ACTION ITEM: The full listing, written out exactly and without images, is the expected result.
======== DATA SECTION
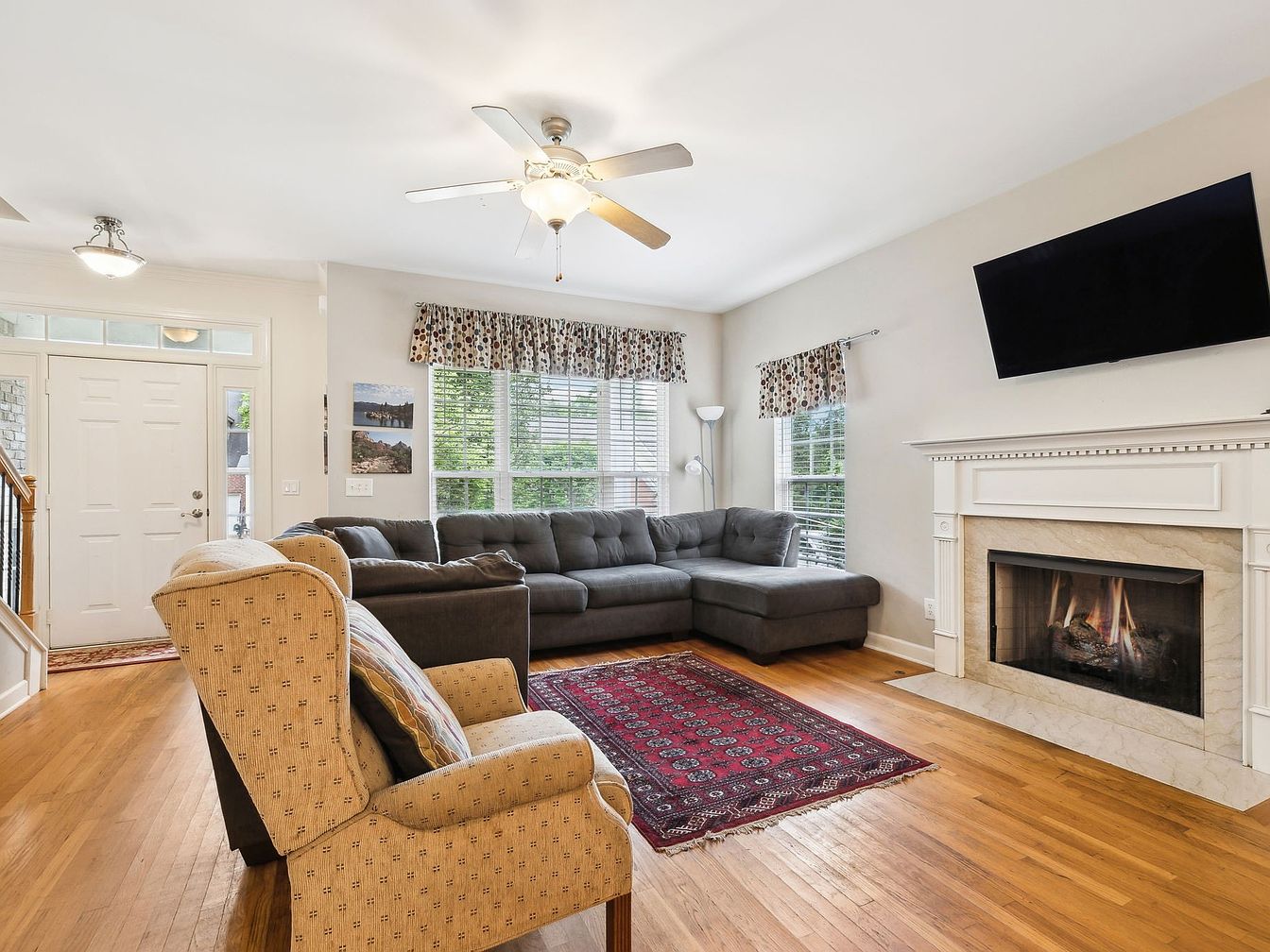 This spacious living room features a warm and inviting atmosphere with a soft neutral color palette dominated by light beige walls and natural wood flooring. A large charcoal gray sectional sofa anchors the seating area, complemented by a patterned beige armchair in the foreground. The room boasts abundant natural light streaming through multiple windows dressed with playful valances in a polka dot pattern. A classic white mantel surrounds the marble fireplace, topped by a mounted flat-screen TV, creating a cozy focal point. The red oriental rug adds a rich pop of color, enhancing the space’s traditional yet comfortable aesthetic. Ceiling and floor lamps complete the layered lighting design.
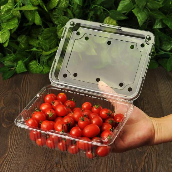 Boîte à clapet transparente pour fruits et légumes jetables en plastique PET respectueux de l'environnement et de bonne transparence.
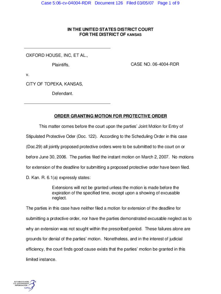 Case 5:06cv04004RDR Document 126 Filed 03/05/07-Page 1 of 9IN THE UNITED STATES DISTRICT COURT FOR THE DISTRICT OF KANSASOXFORD HOUSE, INC, ET AL., Plaintiffs, CASE NO. 064004RDRv. CITY OF TOPEKA,
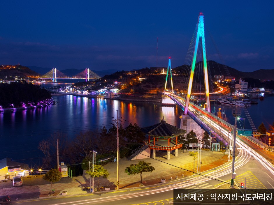 Dolsandaegyo Bridge in Yeosu connects Dolsan Island to the mainland, and is a representative attraction of the city, lit up in many colored lights at night. The island of Dolsan is said to be a fortress in the ocean, and protected the nation from invaders and pirates during the Joseon dynasty. Construction on the bridge began in 1980 and was completed in 1984, with Dolsan Park being founded on the hilltop above the bridge in celebration of the bridge opening.
================
EXERCISE SOLUTION:
 This spacious living room features a warm and inviting atmosphere with a soft neutral color palette dominated by light beige walls and natural wood flooring. A large charcoal gray sectional sofa anchors the seating area, complemented by a patterned beige armchair in the foreground. The room boasts abundant natural light streaming through multiple windows dressed with playful valances in a polka dot pattern. A classic white mantel surrounds the marble fireplace, topped by a mounted flat-screen TV, creating a cozy focal point. The red oriental rug adds a rich pop of color, enhancing the space’s traditional yet comfortable aesthetic. Ceiling and floor lamps complete the layered lighting design.
 Boîte à clapet transparente pour fruits et légumes jetables en plastique PET respectueux de l'environnement et de bonne transparence.
 Case 5:06cv04004RDR Document 126 Filed 03/05/07-Page 1 of 9IN THE UNITED STATES DISTRICT COURT FOR THE DISTRICT OF KANSASOXFORD HOUSE, INC, ET AL., Plaintiffs, CASE NO. 064004RDRv. CITY OF TOPEKA,
 Dolsandaegyo Bridge in Yeosu connects Dolsan Island to the mainland, and is a representative attraction of the city, lit up in many colored lights at night. The island of Dolsan is said to be a fortress in the ocean, and protected the nation from invaders and pirates during the Joseon dynasty. Construction on the bridge began in 1980 and was completed in 1984, with Dolsan Park being founded on the hilltop above the bridge in celebration of the bridge opening.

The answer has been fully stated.